Nicht zu tolerieren seien die Missstände, die die Nationale Stelle benannt hat, schreibt Brigitte Döcker in einer E-Mail. Sie ist Vorstandsmitglied des AWO-Bundesverbands, der als freigemeinnütziger Träger zahlreiche Altenpflegeheime in Deutschland betreibt.
"Je nach Fehlerursachen sind Fortbildungen anzubieten, Haltungen zu reflektieren und Verfahrensabläufe weiterzuentwickeln und damit zu verbessern. Aber auch arbeitsrechtliche Konsequenzen sind zu ziehen."
"Wir wollen, dass im Pflegeprozess solche Überlegungen eine Selbstverständlichkeit sind. Insofern ist dieses Delegieren auf Stabsstellen nicht immer nur ein gutes Zeichen, sondern das muss in den Alltag integriert werden. Das ist das, wo wir eigentlich hinwollen."
In einem sind sich fast alle Zuständigen und Akteure in der Pflegebranche einig: Zusätzliche Kontrollen durch den Medizinischen Dienst der Krankenkassen oder die Heimaufsicht seien kontraproduktiv. Der Pflegebevollmächtigte der Bundesregierung, Andreas Westerfellhaus:
"Das schürt Misstrauen, das schürt Ängste, und das dient, glaube ich, nicht einer Qualitätsentwicklung, sondern wir müssen beides im Auge haben. Wir brauchen das Vertrauen. Denn ich sage einfach mal, der weitgrößte Anteil derjenigen, die diese Arbeit leisten, macht das unter einer ungeheuren Kraftanstrengung und macht das hochqualifiziert. Und da, wo es Fehlverhalten gibt - wie in anderen Bereichen dieser Gesellschaft -, da müssen wir auch bereit sein, sofort zu reagieren."

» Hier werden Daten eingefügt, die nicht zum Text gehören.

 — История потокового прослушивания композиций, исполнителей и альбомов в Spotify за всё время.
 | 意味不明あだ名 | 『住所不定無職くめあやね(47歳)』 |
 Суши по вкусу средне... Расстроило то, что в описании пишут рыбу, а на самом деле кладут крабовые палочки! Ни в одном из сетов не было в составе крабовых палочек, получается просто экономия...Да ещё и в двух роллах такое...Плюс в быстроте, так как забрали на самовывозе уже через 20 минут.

Dass in Alten- und Pflegeheimen die Menschrechte eingehalten werden, das will der Jurist Thomas Klie nicht nur den Kontrollinstanzen überlassen. Er sieht darin eine gesamtgesellschaftliche Aufgabe.

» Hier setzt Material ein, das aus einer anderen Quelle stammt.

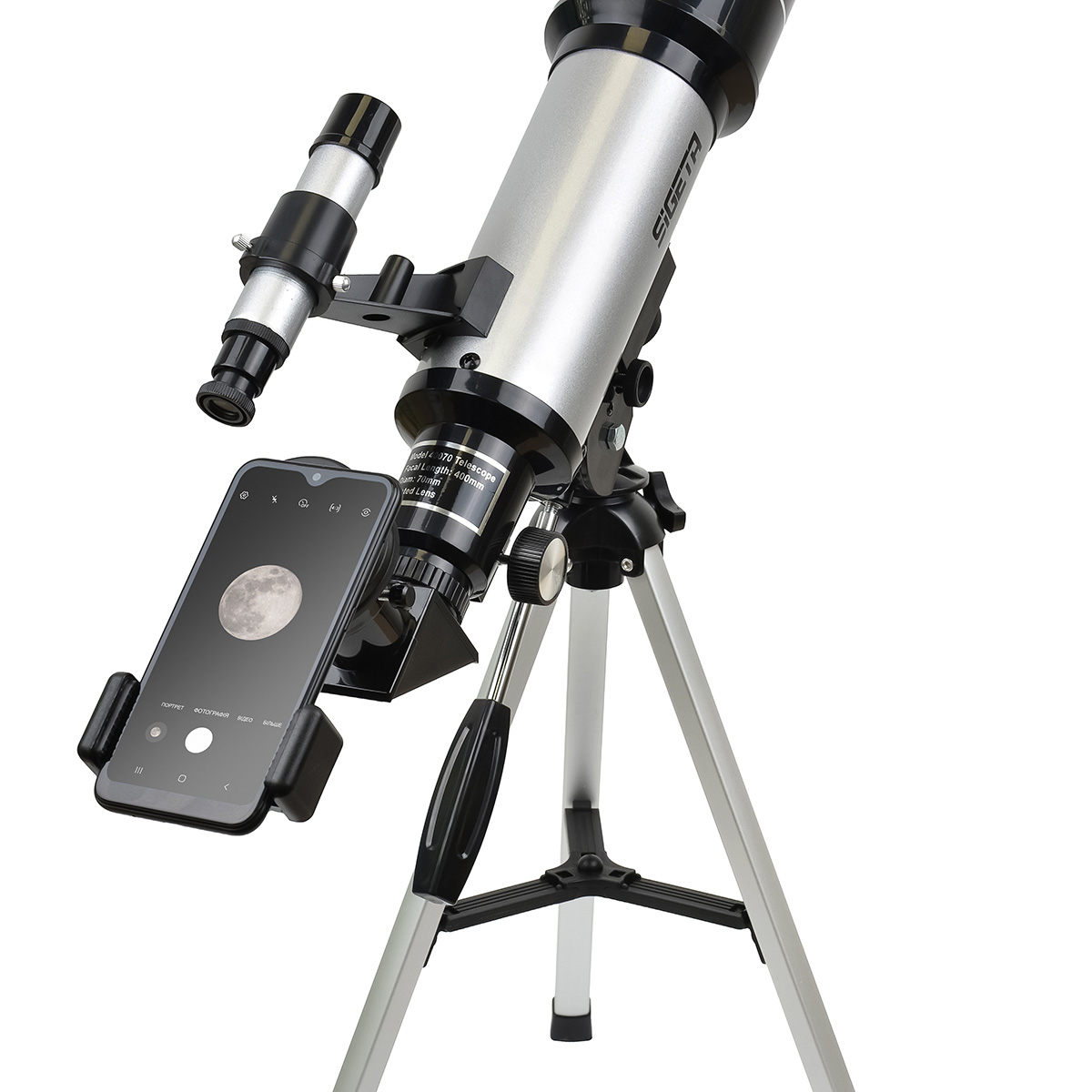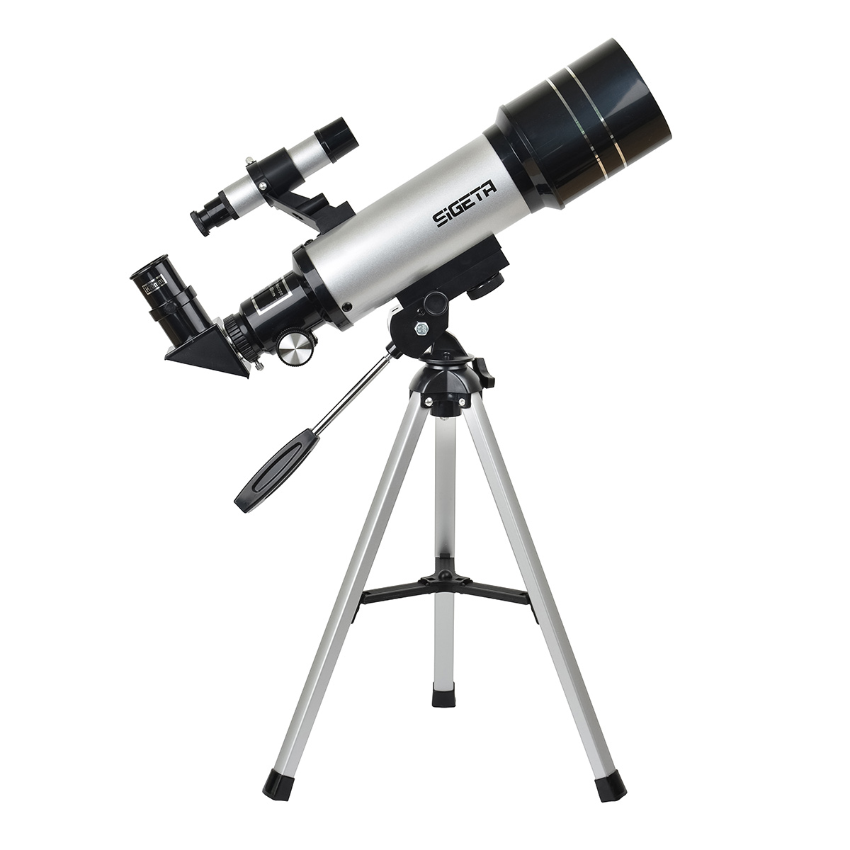 Апертура 70 мм у поєднанні з короткою фокусною відстанню 400 мм забезпечує хорошу світлосилу, що дозволяє проводити детальні спостереження за Місяцем — його кратерами, морями й гірськими хребтами. Також можна розгледіти диск Юпітера, побачити кільця Сатурна, а ще спостерігати яскраві комети й найближчі планети — Марс і Венеру. За сприятливих умов видимості доступні й деякі об’єкти далекого космосу, наприклад туманність Оріона, галактика Андромеди, зоряне скупчення Плеяди, а також яскраві зірки сузір’я Великої Ведмедиці. Всі лінзи ахроматичного об’єктива мають просвітлююче покриття блідих фіолетових тонів, що знижує відблиски та покращує контрастність зображення.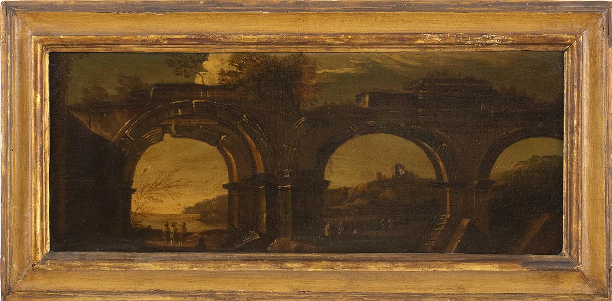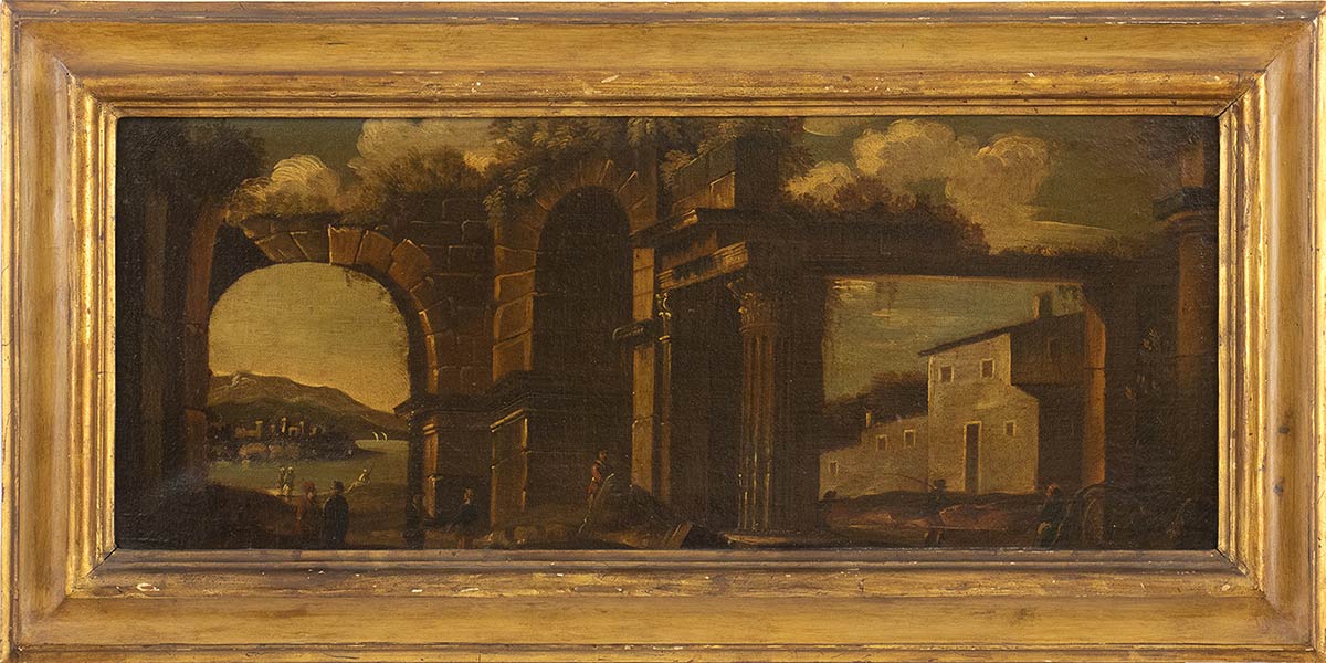 Capriccio con ruderi, edifici e figure - Capriccio con acquedotto e figure, Coppia di sovrapporta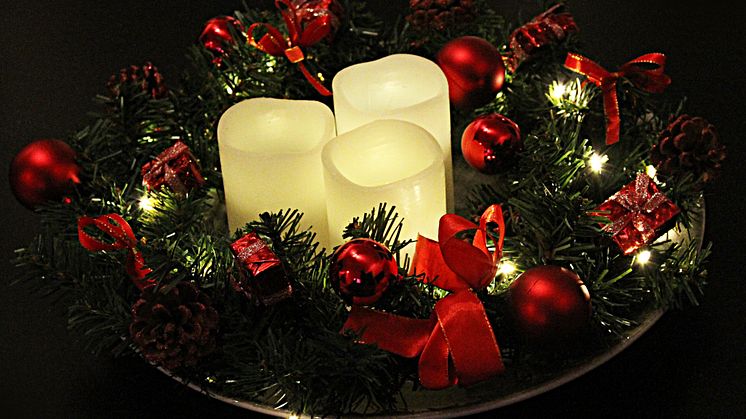 Färdigdekorerad adventskrans för ytterdörren eller inomhus med vackra kottar, band, paket och kulor men också med 20 stycken ljuspunkter som drivs med batteri från ett litet vidhängande batteripack som enkelt göms bakom julkransen. En riktigt fin krans som ger fin adventsstämning på sekunden. Vill du inte hänga kransen på dörren kan den läggas på bordet och eventuellt kan du placera batteridrivna blockljus eller äkta vara i hålet i mitten.

"Insofern ist es ganz, ganz wichtig, dass wir den Kontakt zu Institutionen als Bürgerinnen, als Mitbürger, als Freunde, als Nachbarn, als ehemalige Kollegen halten, damit die Menschen, die dort leben, weiterhin nicht nur das Gefühl haben, sondern dass sie auch erleben, dass sie für uns bedeutsam bleiben. Und die soziale Kontrolle in Heimen ist immer noch die wirksamste Kontrolle gegen Menschenrechtsverletzungen."